Directions for this task: The full listing is to be transcribed exactly, with each picture left out.

Raw data:
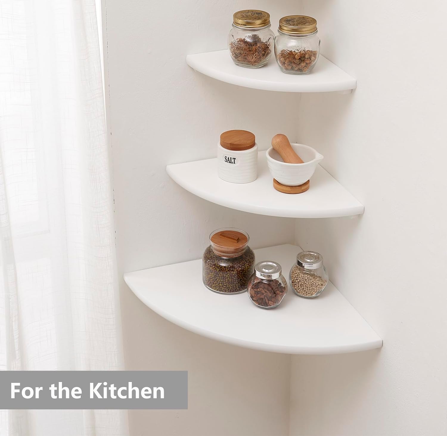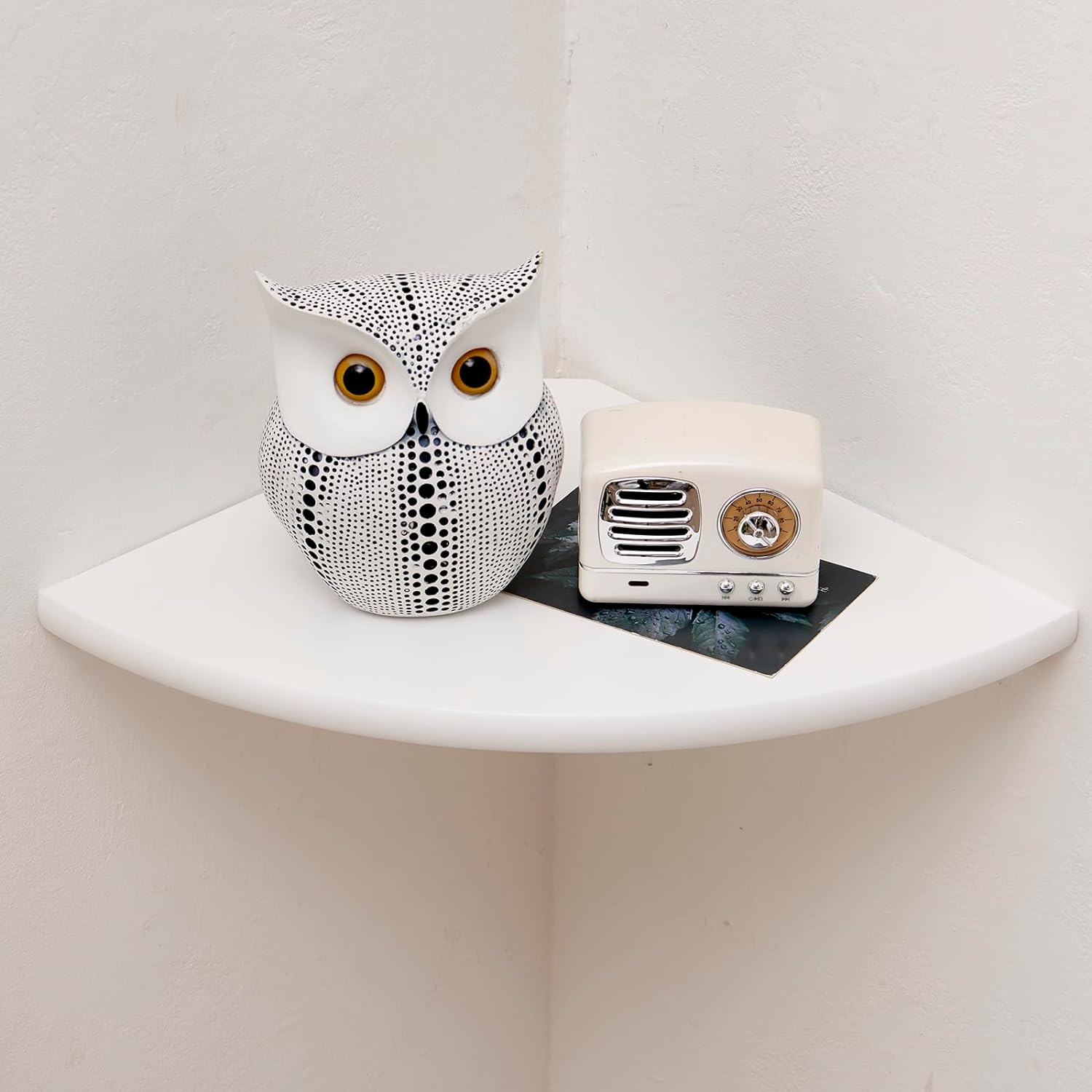 Corner Shelf, White Solid Oak Wood Floating Corner Shelves Wall Mount Round End Floating Speaker Rack Display Shelf for Small Plant Photo Frame (White, 7in)
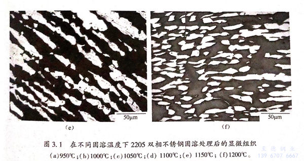 對2205雙(shuang)相不銹鋼進行不同溫度的固溶處理會導致2205雙(shuang)相不銹(xiu)鋼兩相組織的改變,進而導致其性能的差異,圖3.1是在不同溫度下2205雙相不銹鋼固溶處理后的微觀組織。
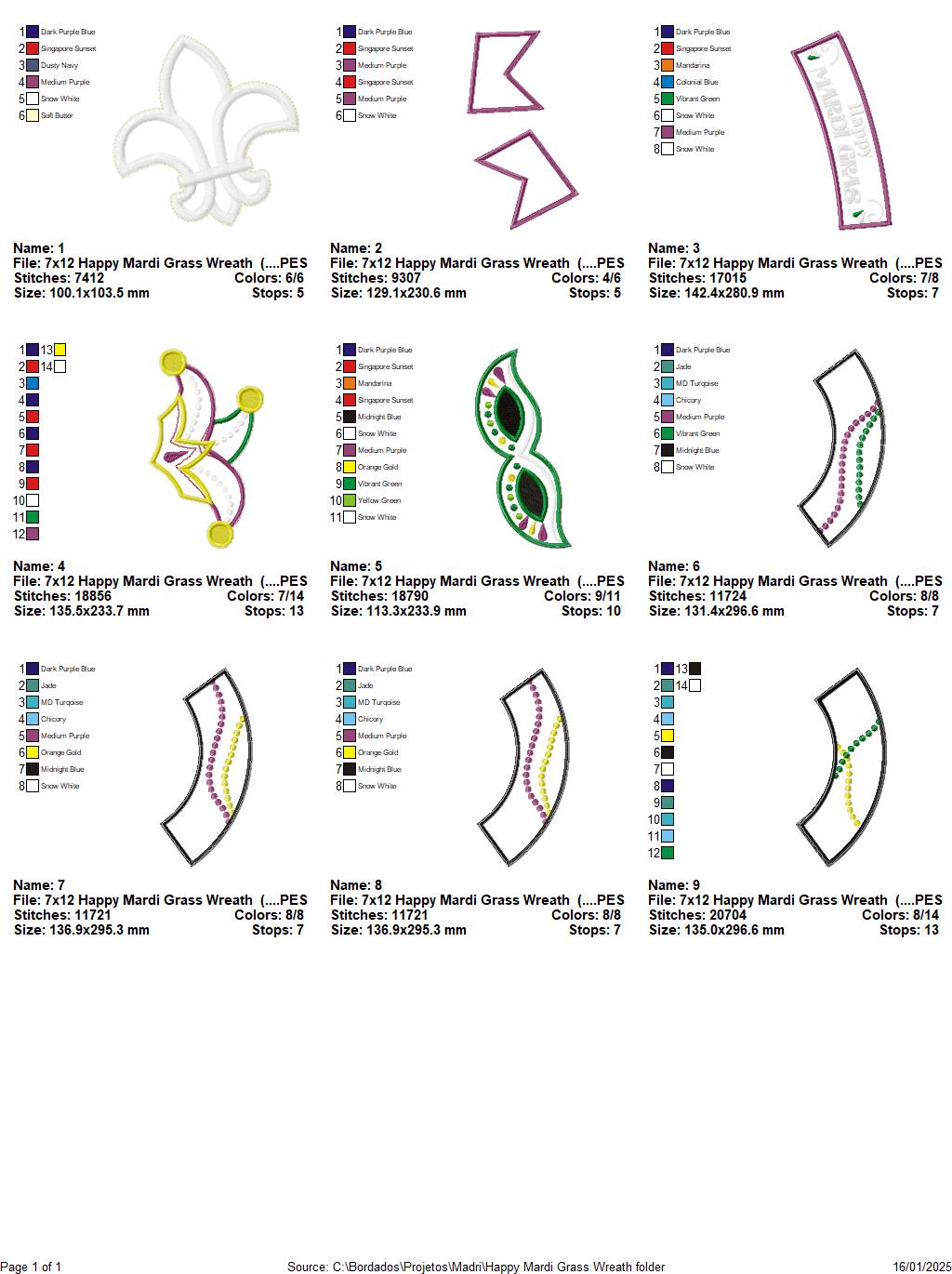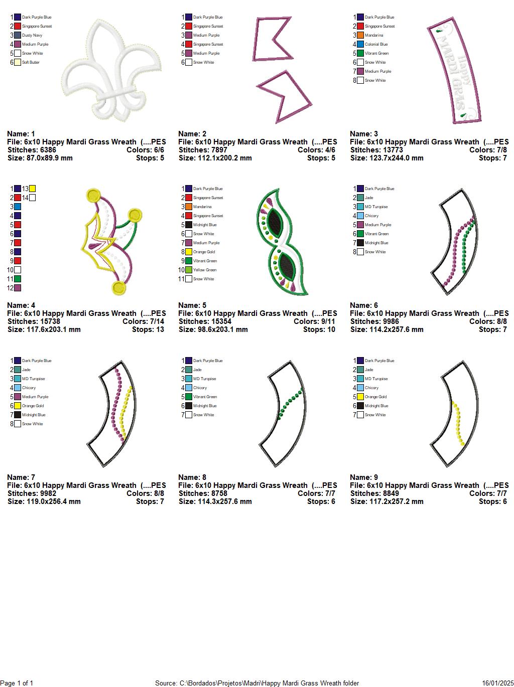 Mardi Gras Wreath - ITH Project - Machine Embroidery Design

The answer:
 Corner Shelf, White Solid Oak Wood Floating Corner Shelves Wall Mount Round End Floating Speaker Rack Display Shelf for Small Plant Photo Frame (White, 7in)
 對2205雙(shuang)相不銹鋼進行不同溫度的固溶處理會導致2205雙(shuang)相不銹(xiu)鋼兩相組織的改變,進而導致其性能的差異,圖3.1是在不同溫度下2205雙相不銹鋼固溶處理后的微觀組織。
 Mardi Gras Wreath - ITH Project - Machine Embroidery Design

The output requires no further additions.